Goal-oriented Estimation of Multiple Markov Sources in Resource-constrained Systems
Jiping Luo, Nikolaos Pappas
TL;DR
We address remote estimation of $M$ Markov sources in resource-constrained networks with a one-slot transmission delay and introduce the cost of actuation error (CAE) as the key performance metric. The problem is formulated as an average-cost CMDP and tackled via two transformations: Lagrangian relaxation yielding a lambda-optimal policy and Lyapunov drift converting the constraint into a virtual-queue stability problem, leading to a drift-plus-penalty objective. Two policies are developed: a low-complexity DPP policy for known statistics and a model-free LO-DRL policy based on PPO for unknown environments, both leveraging the one-slot expected CAE to decide sampling actions. Simulations demonstrate substantial CAE reductions and suppressed uninformative transmissions across single and multiple source setups, with LO-DRL delivering superior performance in uncertain or poor-channel conditions. The approach offers a practical, semantics-aware framework for resource-limited networked control systems with broad applicability to remote actuation tasks.
Abstract
This paper investigates goal-oriented communication for remote estimation of multiple Markov sources in resource-constrained networks. An agent decides the updating times of the sources and transmits the packet to a remote destination over an unreliable channel with delay. The destination is tasked with source reconstruction for actuation. We utilize the metric \textit{cost of actuation error} (CAE) to capture the state-dependent actuation costs.

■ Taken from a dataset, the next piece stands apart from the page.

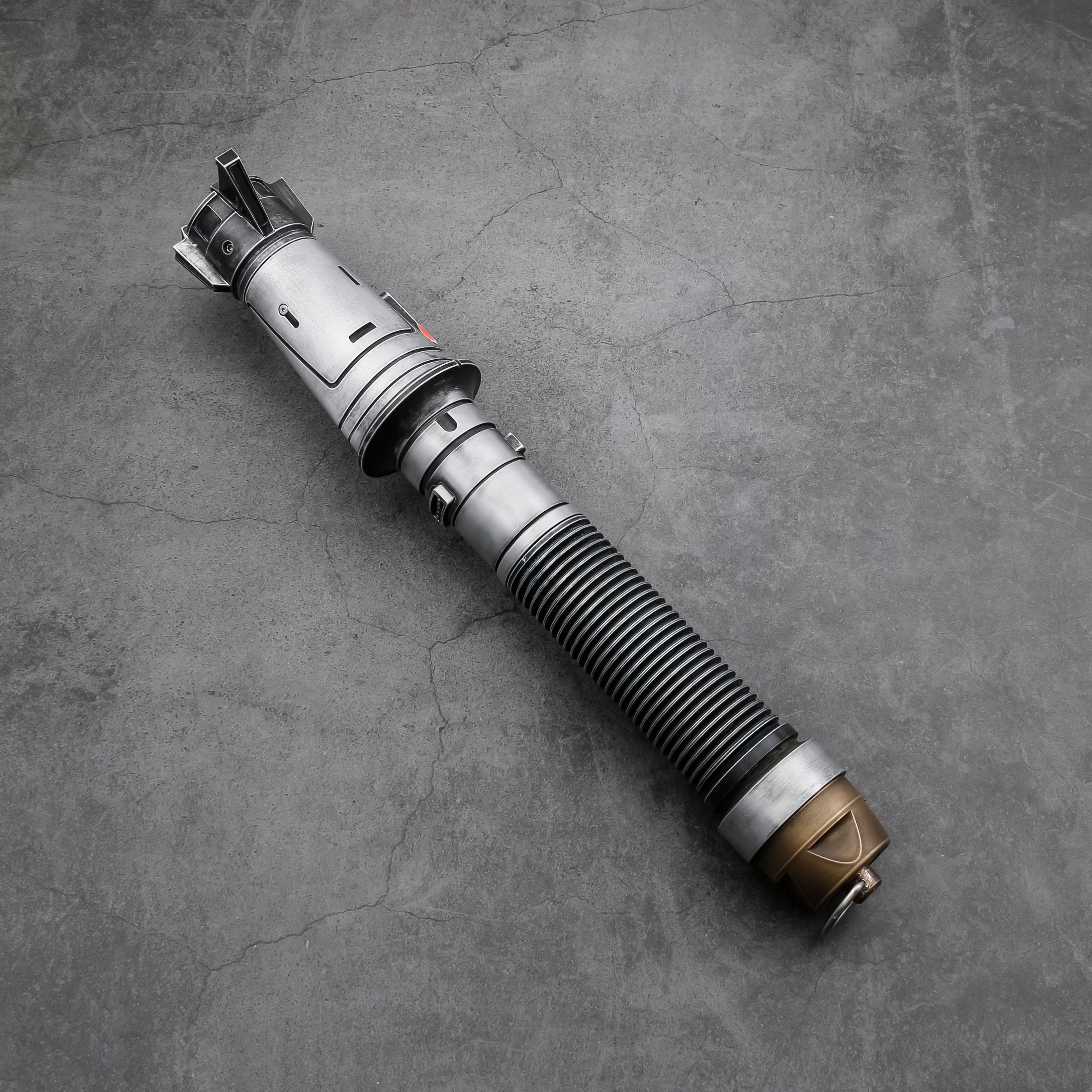 Discover Baylan Skoll's powerful weathered lightsaber. Expertly crafted with precision and iconic design, it features an ergonomic grip for optimal control in combat. The hilt base, made of shiny brass, adds an elegant touch and sets it apart from others. Skoll wielded this lightsaber in battle, defeating New Republic Captain Hayle and numerous soldiers. Testament to Skoll's skills, determination, and deadly efficiency.

We aim for a sampling policy that minimizes the long-term average CAE subject to an average resource constraint. We formulate this problem as an average-cost constrained Markov Decision Process (CMDP) and relax it into an unconstrained problem by utilizing \textit{Lyapunov drift} techniques. Then, we propose a low-complexity \textit{drift-plus-penalty} (DPP) policy for systems with known source/channel statistics and a Lyapunov optimization-based deep reinforcement learning (LO-DRL) policy for unknown environments. Our policies significantly reduce the number of uninformative transmissions by exploiting the timing of the important information.